1. I have a completely irrational, but very real fear of driving next to semi trucks with my windows down because I think the tire may blow out and come into my window and kill me. I have seen the Mythbusters on the subject and it was “Busted”, but I’m still terrified.

2. I’m hairy. And I hate it. I feel self conscious about it. One of many reasons I’m a “winter” man and not a “summer” man. Despite the name.

3. The first time I ever played drums was in 4th grade and it was in the newly started church Children’s Orchestra. We only played one song, and I think it was about Mary, but that’s all I can really remember. It could have been about the one with the lamb, or the one with the Jesus. I don’t know.

4. One of my biggest pet peeves is people using the word “literally” like it’s the only word in the English language that adds emphasis to a phrase. If you’re not using the word for what it means, stop it. Seriously. Or I will literally shit a brick. (prime example of how not to use it unless you want me to punch you.) Also, I hate it when girls call me "man" or "dude". It's weird and it makes me feel uncomfortable.

5. My parents didn’t ever take video of me as a child (it was the 80’s and video recording equipment was for people who ate caviar and drove Rolls Royce’s) but they did take quite a few pictures of me. There is a box of photos in their attic full of pictures of me and my brothers. I tell you this to lead into this stat: 68% of all those photos of me are naked.

6. Last year I got bronchitis and was laid up in my house for 8 straight days. Once I ran out of movies I wanted to watch, I started watching Lost to see what all the hub-bub was about. After 3 episodes I was officially addicted. Over the course of the next 8 days, I watched Seasons 1, 2, 3 and caught up to the current episode of Season 4. You may not realize how much Lost that is, but the only other thing I did besides watch the show was sleep. Seriously. It’s the ONLY thing I did for 8 days. And when it was over and I was healed, I shaved my head because I wanted to be like Dr. Jack. Also not kidding. I seriously did that.

7. I have a higher than average amount of patience, but there are some people that really bug the hell out of me. Like the lady that sits next to me at work. She has so many annoying quirks. I won’t try and list them, because it’s too much, and also, you wouldn’t be able to appreciate the annoying-ness of them via blog.

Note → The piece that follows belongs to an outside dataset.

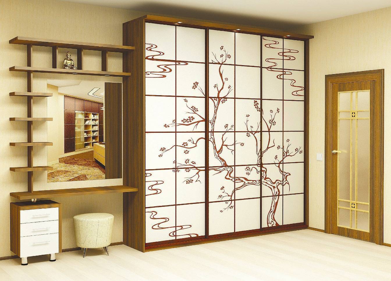 Горизонтальное деление — широко применяемый приемСразу три фактуры — ДВП, зеркало и пескоструйный рисунокТакой шкаф купе для прихожей с вешалкой и тумбой удобенИнтересная комбинацияПросто зеркальная поверхность делает маленькое помещение более просторнымВстроенный шкаф купе в прихожую с интересными дверкамиРисунок в восточном стилеШкаф купе с подсветкой — удобноРадиальные шкафы смотрятся интересноСочетание коричневых цветов и разных фактурРастительный орнамент — одна из распространенных темИмитация деревянной поверхности, но необычная комбинация с разным направлением «волокон»Рисунок на стекле в восточном стилеПросто и со вкусом — матовое стекло с горизонтальным делениемИспользовать даже пространство над дверьми — хорошая идея для маленькой прихожейУгловые шкафы для прихожей: использовать доступную площадь по максимуму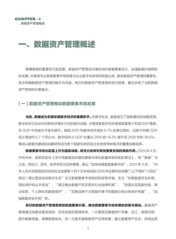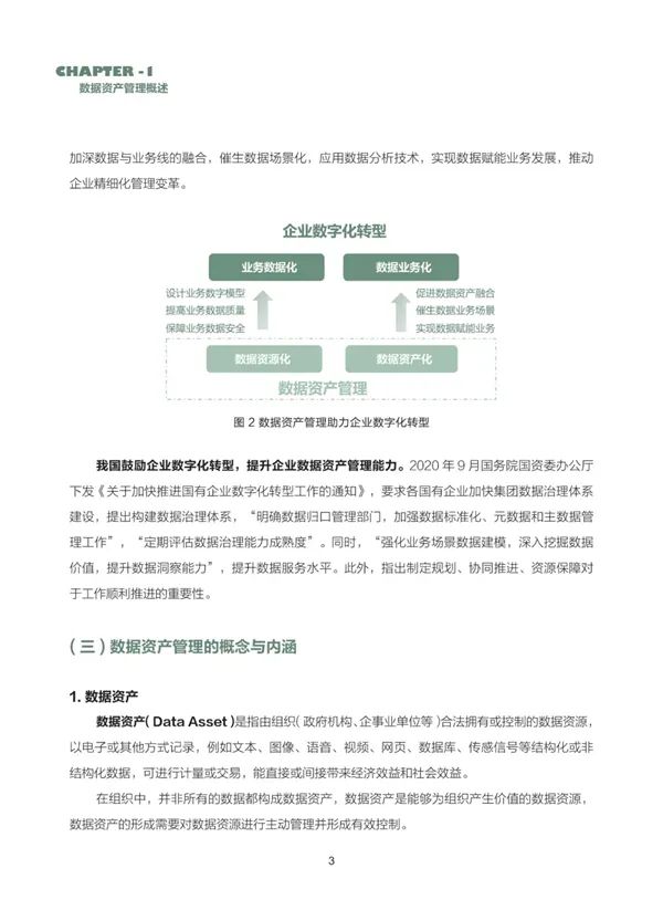 经过多年发展,我国数据资产管理逐步进入深化落地时期。政府部门、金融机构、通信运营商、互联网企业等纷纷提出数字化转型路线,提出了数据资产管理框架,在数据资源化方面积累了实践经验,探索开展数据流通、价值评估、资产运营等数据资产化工作。

8. I was off work yesterday for Veteran’s Day and made a breakfast for myself that I’m now going to tell you about. A delicious 2-egg sandwich on toast with lettuce, tomato, mayo, cayenne pepper sauce, and bacon, along with a bowl of granola (or bowlnola), a glass of chilled filtered water and a Granny Smith apple. It was amazing. I love making breakfast food. And eating it.

9. Kara “challenged” me to do this list thing and she lives in Philadelphia, PA. I miss her a lot.

10. I’ve had 4 major head injuries, one of which scalped me. I had 8 staples in my head for a few weeks. I also have dealt with depression in the past (and still a little) and my doctor told me it’s highly likely that those are connected. Apparently so much trauma has happened to my head, that it was “re-wired”. Something else my head injuries did was give me two weird growths on my ears. I believe it’s called “cauliflower ear”. Wiki that shiz.

11. I always look at the clock when it’s 12:34. Seriously. Noon and midnight. It happens so often that I feel extremely weirded out by it. Like maybe something huge is going to happen to me at 12:34 someday. And this is just times way of “counting up” to it. My own personal Armageddon. Jamesageddon.